11 mins read
## Common problems and pitfalls of A/B tests

**Confounding Effects**

### Selection Bias

### Systematic Bias

### Early Stopping or P-hacking

**Spillover or Network Effects**

### Change Aversion and Novelty Effects

### Sample Ratio Mismatch

### Inadequate Choice of Test Period

### Running too many tests at the same time

This is a simple walkthrough of an A/B test case study developed and used by Udacity. It is part of my Data Scientist Nanodegree program. You may check their program information here.

“Audacity” is an online learning platform offering courses for users. The typical user flow of “audacity” can be simplified as follows:

**View home page > Explore courses > View course overview page > Enroll in course > Complete Course**

Audacity lost users as they go down the stages of this funnel, with only a few making it to the end.
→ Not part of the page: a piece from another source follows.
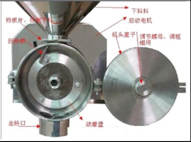 (二)该磨粉机靠两块布满齿槽的磨盘对磨运转从而将物料磨成粉末。该机属连续投料式作业,结构简单大方,噪音小,容易操作,粉碎细腻,无粉尘;

To increase student engagement, Audacity performed A/B tests to try out changes that will hopefully increase conversion rates from one stage to the next. The experiment designed was to change its homepage to a more engaging design, which aimed to increase the number of users that move on to the second stage of the funnel, which is to explore the courses.
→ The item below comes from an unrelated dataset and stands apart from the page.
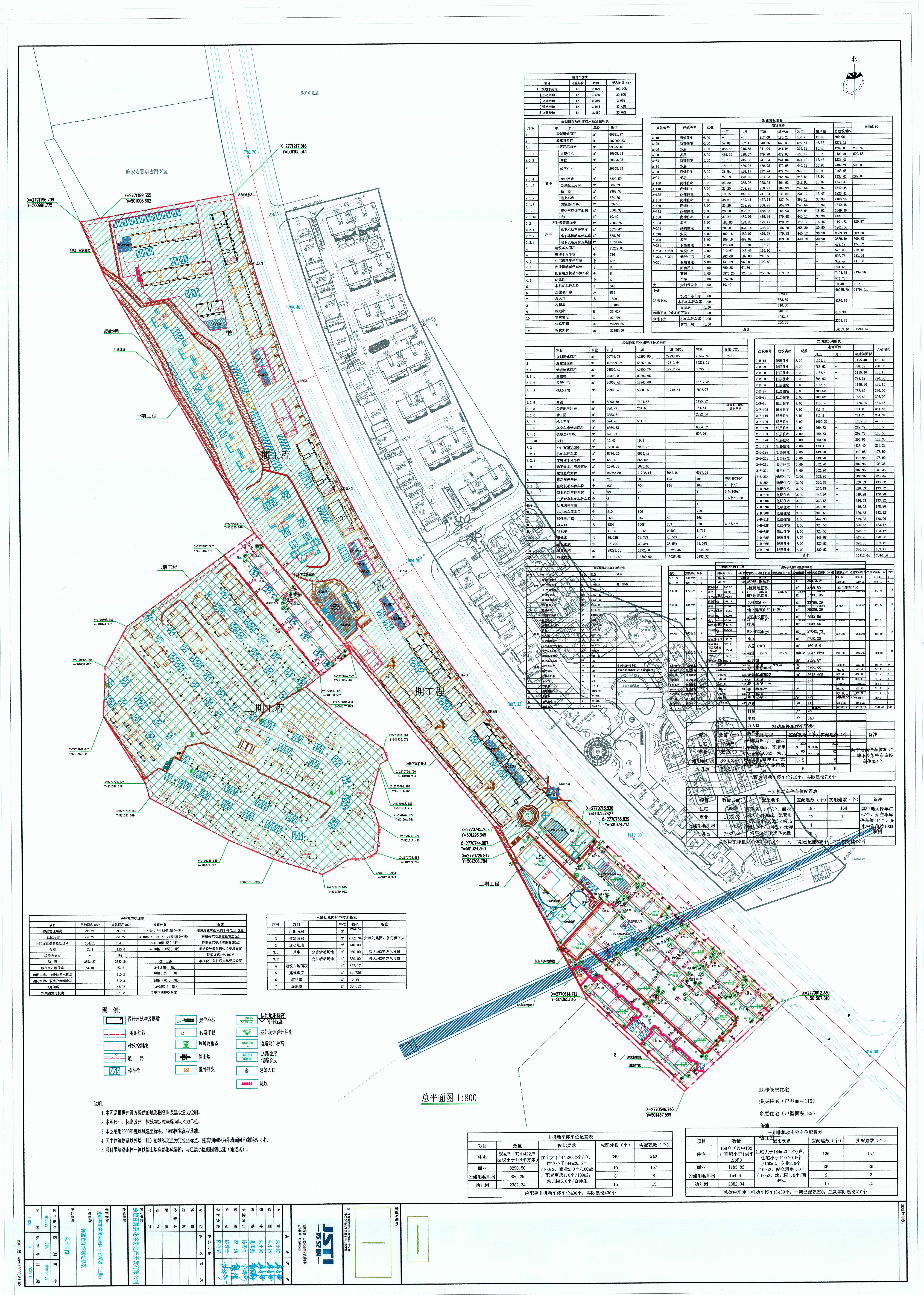 楚雄茶花谷国际社区·香溪堤三期项目规划用地面积20557.82㎡,总建筑面积35227.12㎡,计容建筑面积35227.12㎡,容积率1.714,建筑密度31.07%,绿地率25.22%,机动车停车位181个(地面停车位67个,架空车库停车位114个)。2020年9月项目建设单位根据审定的项目修建性详细规划,办理了楚雄茶花谷国际社区·香溪堤三期《建设工程规划许可证》(编号为建字第楚雄市202000086号),规划许可建筑面积35227.12㎡,其中地上建筑面积28662.8㎡,地下架空建筑面积6564.32㎡,其许可内容为:住宅六栋地上9层;低层住宅八栋地上3层;幼儿园一栋地上3层;地下车库一座地下1层局部设有夹层。

The metric used was the **click-through rate(CTR)** for the Explore Courses button on the home page. So the null and alternative hypotheses were:

*H0: CTR_new — CTR_old <= 0*

*H1: CTR_new — CTR_old > 0*

In this experiment, we defined CTR as **the number of unique visitors who click at least once divided by the number of unique visitors who view the page.**

They collected data for 4 months with a control group size of 3332, and an experiment group size of 2996.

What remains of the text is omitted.